## Working data
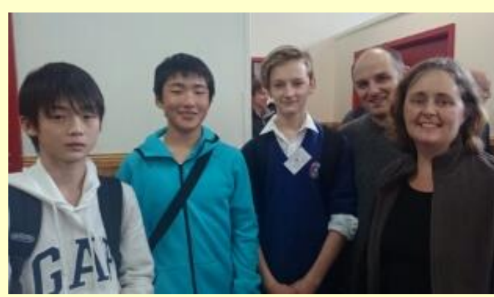
■89 いよいよ ホストファミリーのお宅へ
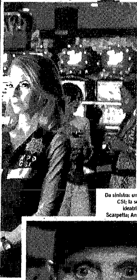
Da sinistra: una scena del telefilm culto CSI; la scrittrice Patricia Cornwell, ideatrice del personaggio di Kay Scarpetta; Anthony Hopkins - Hannibal
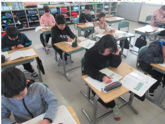
算数で、二けた×二けたの計算練習を行う3年生
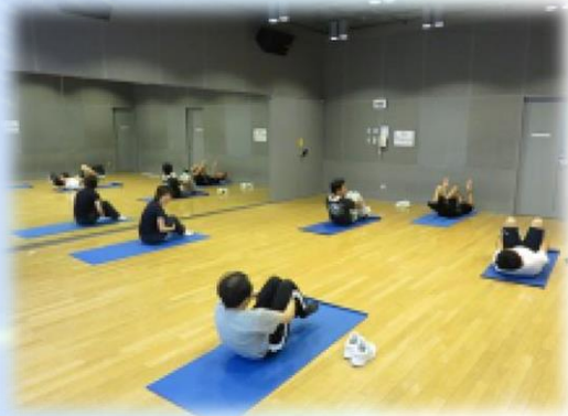
【北上】 さくらホール アクティングループ
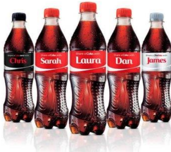
Slika 5. Coca Cola - content kampanja
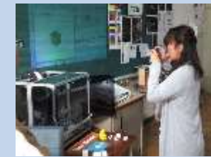
保護者の方も興味津々！
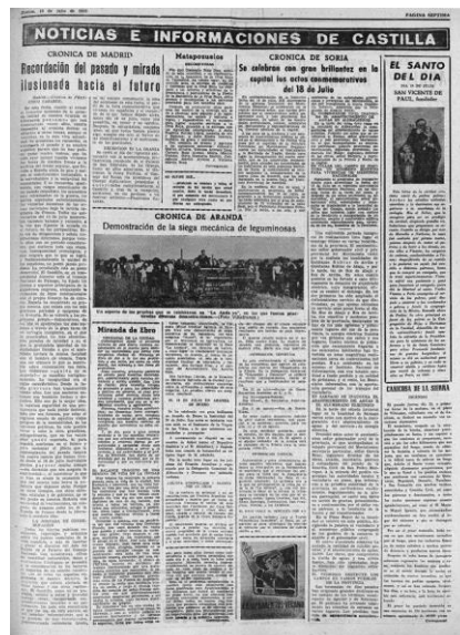
Recorte de prensa donde se cita la fuente de El Pozo de Sarnago

A partir de 1980 se van realizando varios arreglos en ambas fuentes, cambios puntuales de tuberías, principalmente por medio de hacenderas. A lo largo de estos años son varios los trabajos y la aportación económica de los vecinos para cambiar tramos de la tubería antigua principalmente subsanar fugas, encauzar las aguas, limpieza
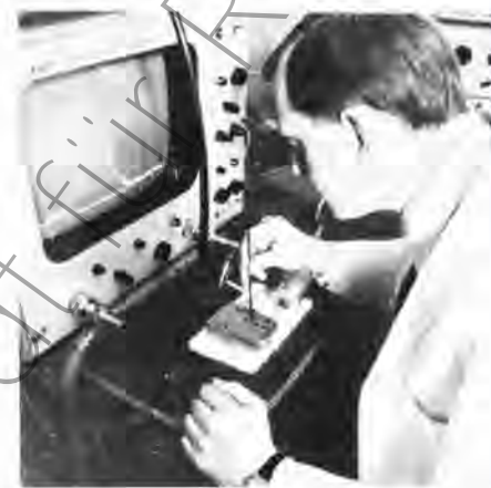
Meßplatz für den Abgleich von UKW-Eingangsteilen mit dem Eingangsteil UKW 1.

Die autorisierte Stellung des ZRF im Industriezweig Rundfunk und Fernsehen wird weiter dazu beitragen, zielstrebig an der Vorbereitung neuer noch leistungsfähigerer, formvollenderer und kostengünstigerer elektronischer Konsumgüter zu arbeiten. Die Angehörigen des ZRF blicken auf ein Jahrzehnt erfolgreicher Forschung und Entwicklung zurück und haben sich befähigt, noch größere Aufgaben zu Ehren unseres sozialistischen Staates zu übernehmen.
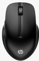
Mouse wireless multi-dispositivo HP 430 3B4Q2AA
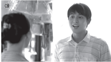
ภาพที่ 5 ภาพประกอบแสดงตัวละครกรมล หรือ อาซา

ตัวละครกรมล หรือ อาซา ลูกชายคนที่ 3 ของแม่ช้อย เป็นคนจิตใจดี หน้าตาน่ารัก แต่งตัวสุภาพ ชอบช่วยเหลือพี่สะใภ้จากแม่ช้อยที่ชอบค้าอยู่เสมอ เชื่อฟังคำสั่งสอนของพ่อแม่ เป็นลูกที่ดี
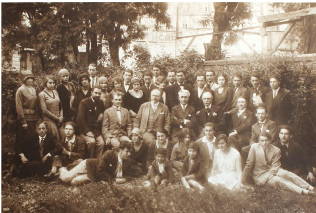
Fig. 7. Artistul împreună cu un grup de studenți și elevi în grădina Academiei de Belle-Arte Iași
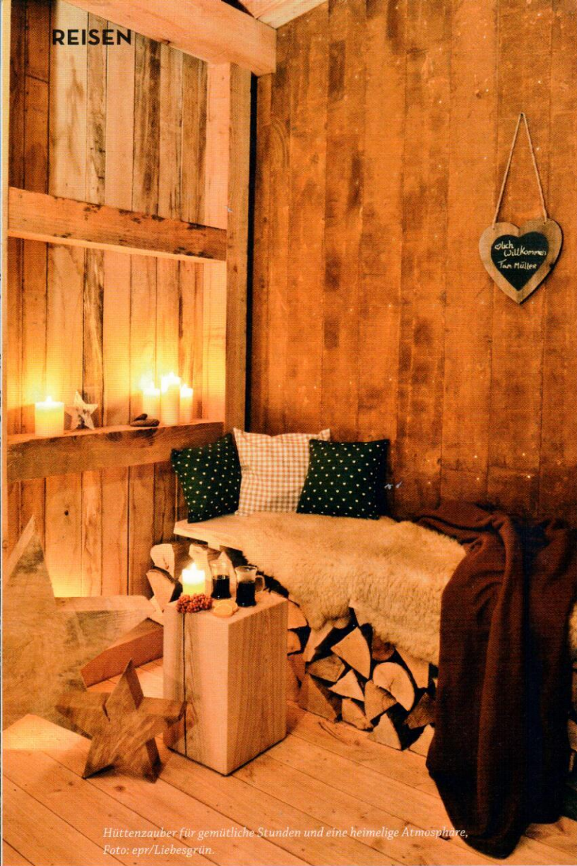
Hüttenzauber für gemütliche Stunden und eine heimelige Atmosphäre.
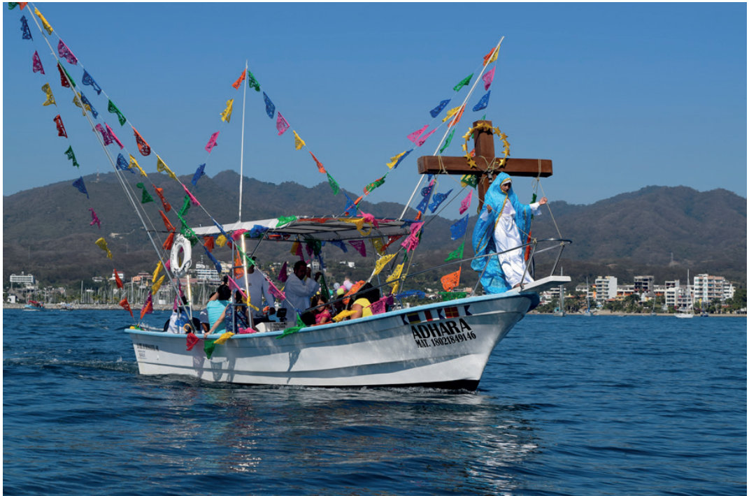
Figura 2: Procesión marítima de la festividad de Nuestra Señora de la Paz, Bucerías, Nayarit [Fotografía]. Recuperado durante el trabajo de campo de la investigación.
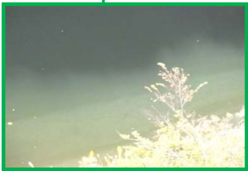
レベル2 2m × 15m程度
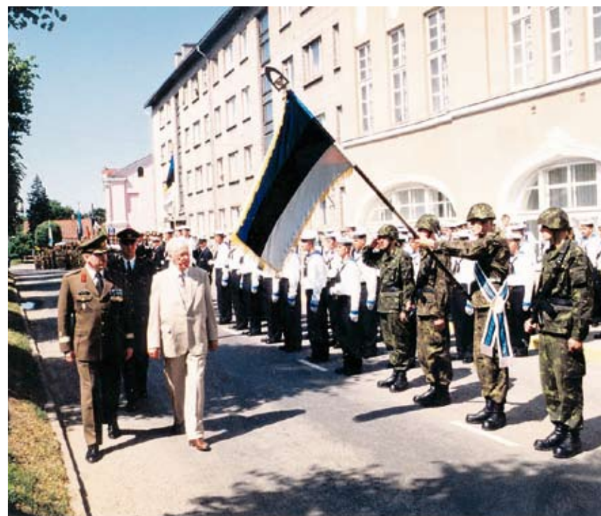
1999. gads, kad notika pirmā Brīvības cīņas godināšanas parāde. To pieņem tālaika Igaunijas prezidents Lennarts Meri.

Cēsu un Paju kauju apaļās gadskārtas atzīmēšana Valgā ar dažādiem pasākumiem notiks 22. un 23. jūnijā. Interesentiem lūgums sekot līdzī reklāmā. Pasākumu laikā gaidāmi arī satiksmes ierobežojumi, par ko tiks sniegta papildu informācija.
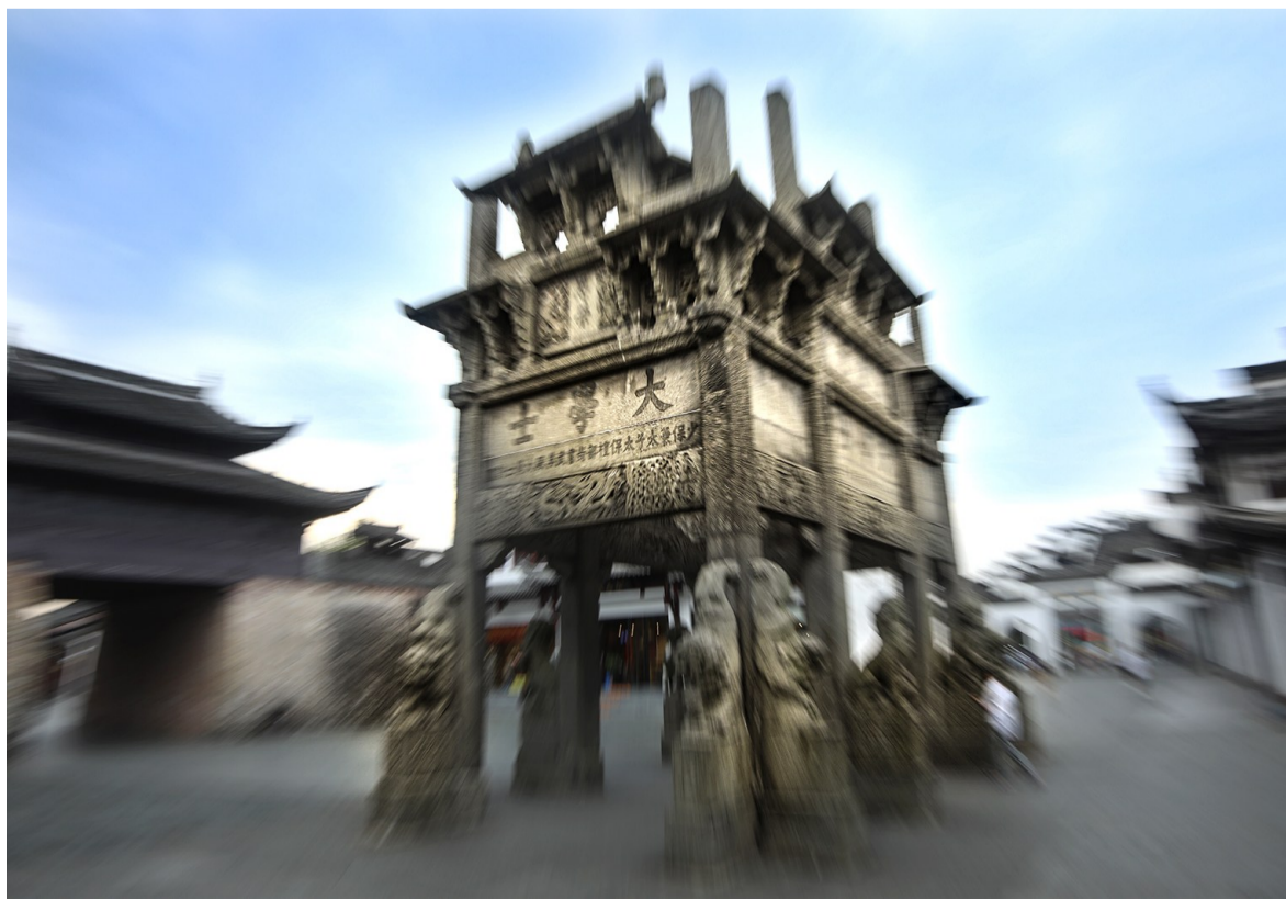
中国现存唯一八脚牌坊,距今已有400多年

许国石坊,又名大学士坊,俗称“八脚牌楼”。位于歙县徽州府衙阳和门东侧,跨街而立,为明万历十二年十月(公元1584年)朝廷旌表歙县人许国衣锦还乡而立。1988年列入第八批全国重点文物保护单位。 许国石坊为八柱牌坊,是中国现存唯一的一座八脚牌坊,是古徽州标志性建筑。许国石坊是封建社会为旌表功勋、科第、德政以及忠孝节义所立的建筑,是中国古代历史文化的载体,综合体现了石坊建造技艺的最高水平。 史料记载,许国石坊是仿木构造建筑,整个牌坊由前后两座三间四柱三楼和左右两侧单间双柱(前后两坊合用)三楼的牌坊组合而成。八根柱子各为0.5米见方、7
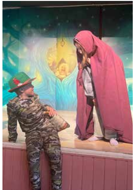
▼ Kuvat: Mervi Helenius-Talvite
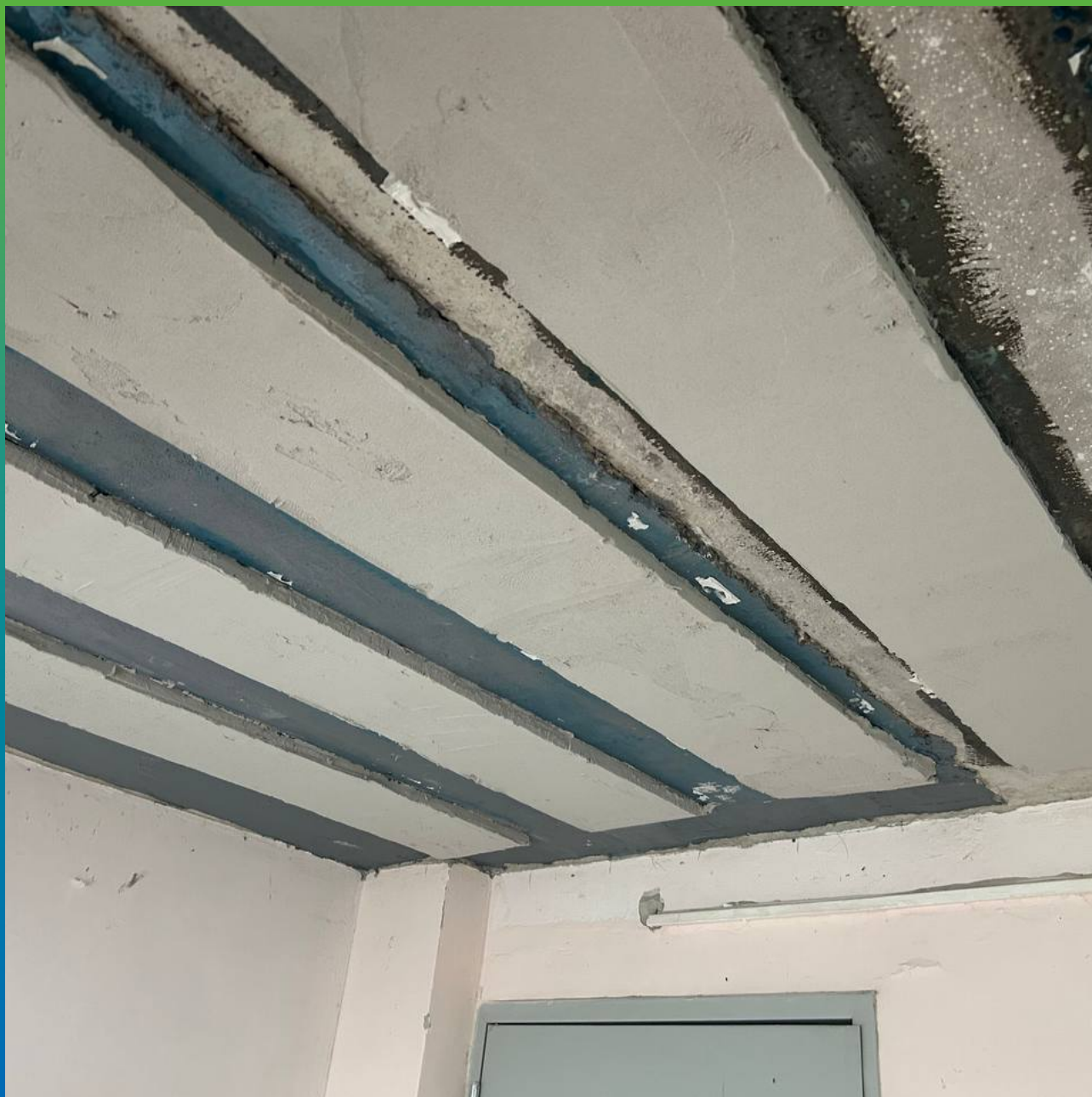
Общий вид объекта после проведения работ по усилению плит под установку томографа
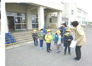
1年生には下校指導をしました
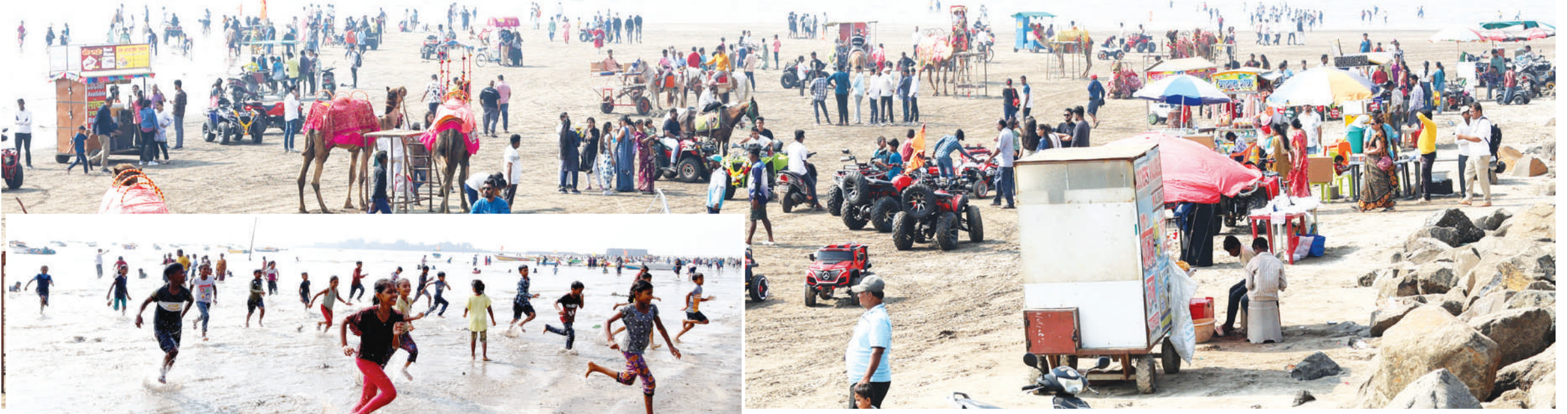
● अलिबाग समुद्रकिनारी शनिवार-रविवारची मजा लुटण्यासाठी मुंबई, पुणे, नाशिक येथील पर्यटकांनी मोठ्या प्रमाणात गर्दी केली होती. यावेळी शैक्षणिक सहलीसाठी आलेल्या विद्यार्थ्यांनी देखील पाण्यात मनसोक्त डुबत समुद्रनानाची मजा लुटली.
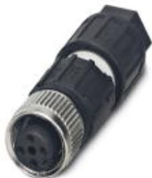
传感器/执行器连接器，通用，4-芯，孔式 直头 M12，A编码，快速免剥线连接，螺圈材料: 锌铸，镀镍，电缆外径 3.5 mm ... 6 mm

Please be informed that the data shown in this PDF Document is generated from our Online Catalog. Please find the complete data in the user's documentation. Our General Terms of Use for Downloads are valid ( http://download.phoenixcontact.com )
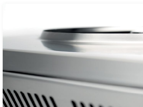
Embutición protectora del interior Inlay to protect inside

► Medidas comunes: 50 cm de profundidad x 24 cm de altura. ► Diámetro útil de la placa: 350mm. ► Calor uniforme en toda la superficie de la placa. ► Placa de acero rectificando de 15mm de espesor. ⬆ Quemador de estrella de gran rendimiento. ► Válvulas de gas con termopar de seguridad. ⚡ Resistencia blindada en acero inoxidable. ► Control de la temperatura a través del termostato.
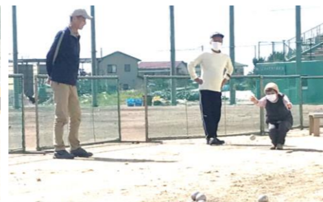
こちらも熱戦となったペタンク。狙いすまして一投！
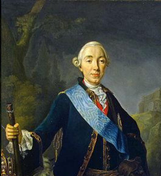
Петр III 1762
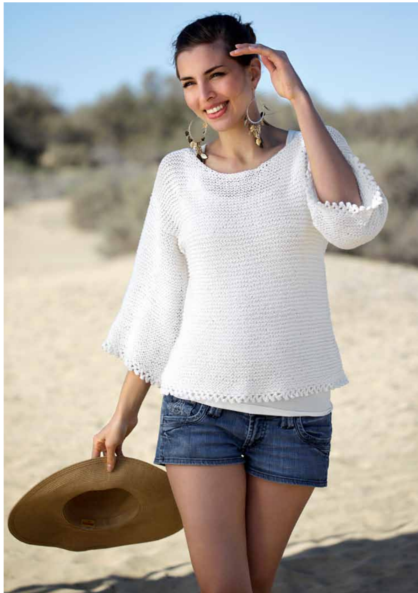
112-1748 Genser i Pt Sumatra (Mod A), XS-XXL
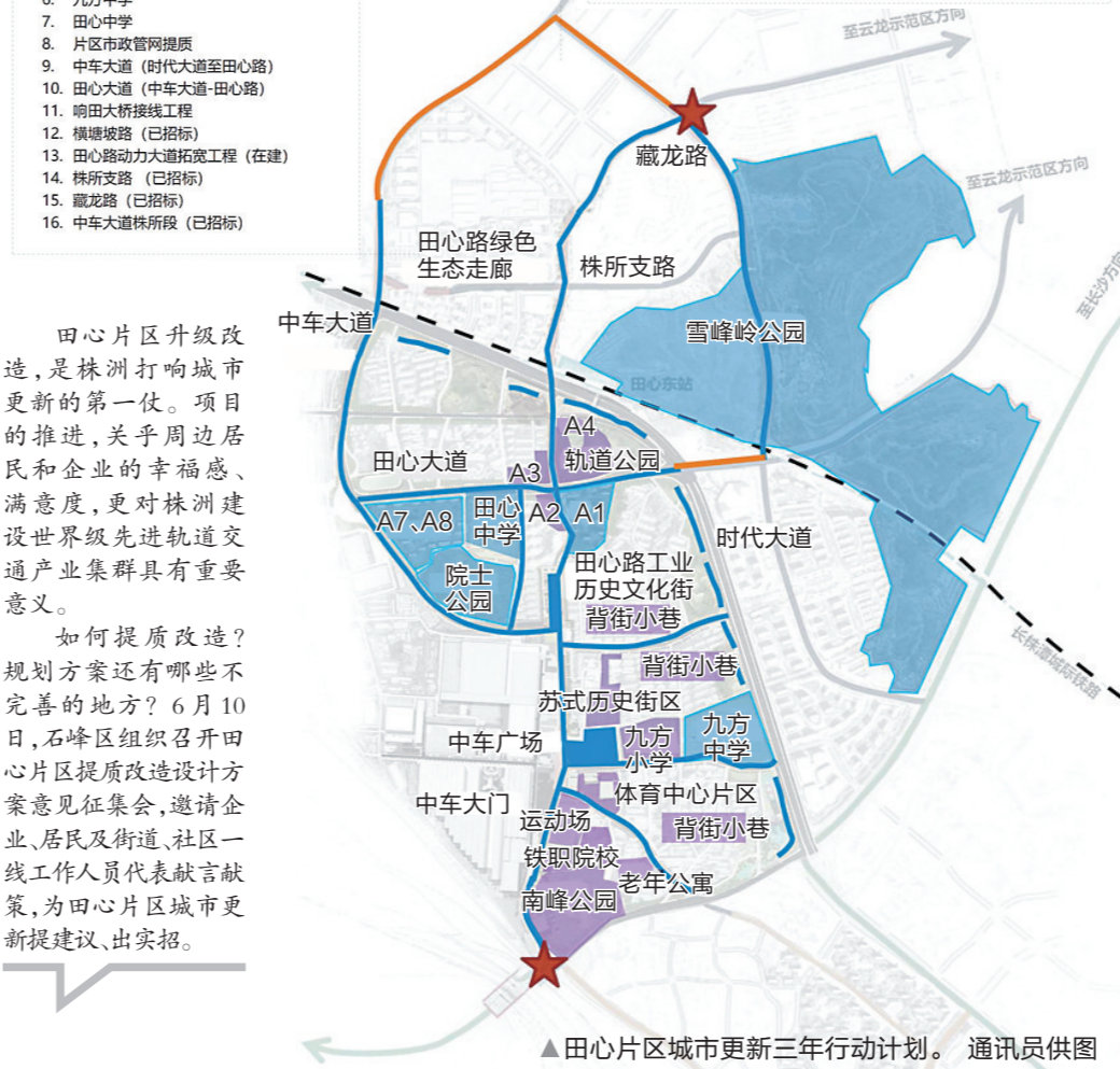
▲田心片区城市更新三年行动计划。
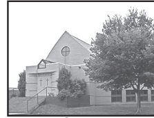
Église Saint-Conrad 6950, Des Ormeaux Anjou, H1K 2X6
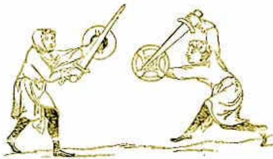
Выступление с мечами и баклерами, конец 1300-ых

Д-р Сингман также делает интересный вывод о том, что последняя последовательность неожиданно имеет единственное во всем манускрипте «женственное» название (« Walpurgis »). Он верит, что это может быть свидетельством того, что руководства предназначались для упражнений перед судебным поединком или разрабатывались на основе такого опыта.
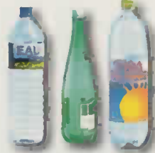
bouteilles en plastique: eau, jus de fruit, soda...
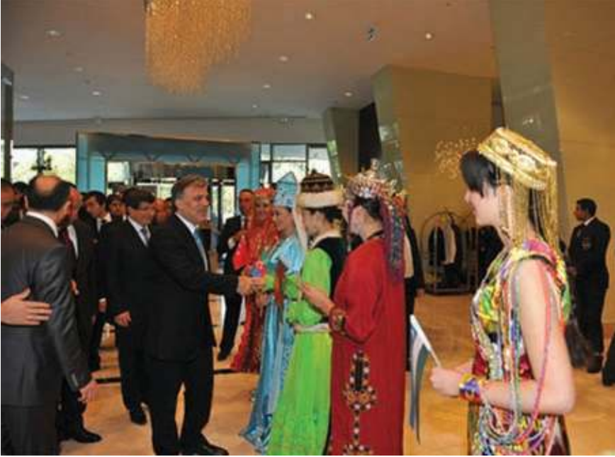
Cumhurbaşkanı Abdullah Gül, kendisini karşılayan Türk cumhuriyetlerinin geleneksel giysilerini giymiş genç kızlarıyla birlikte
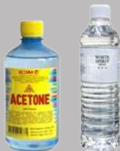
Ацетон или уайт-спирит
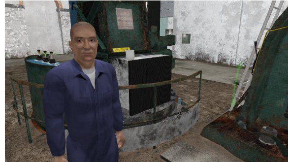
Figure 4 : Entité virtuelle présente dans la modélisation des forges de Brest

s'occupe de l'assistance technique et qui est généralement un informaticien ou un spécialiste de la réalité virtuelle.

## What the task asks
Skip every picture, and restate word for word only the lines above from the line containing "Cēsu un Paju" to the line containing "中国现存唯一八脚牌坊,距今已有400多年", both of them included.

## Task output
Cēsu un Paju kauju apaļās gadskārtas atzīmēšana Valgā ar dažādiem pasākumiem notiks 22. un 23. jūnijā. Interesentiem lūgums sekot līdzī reklāmā. Pasākumu laikā gaidāmi arī satiksmes ierobežojumi, par ko tiks sniegta papildu informācija.
中国现存唯一八脚牌坊,距今已有400多年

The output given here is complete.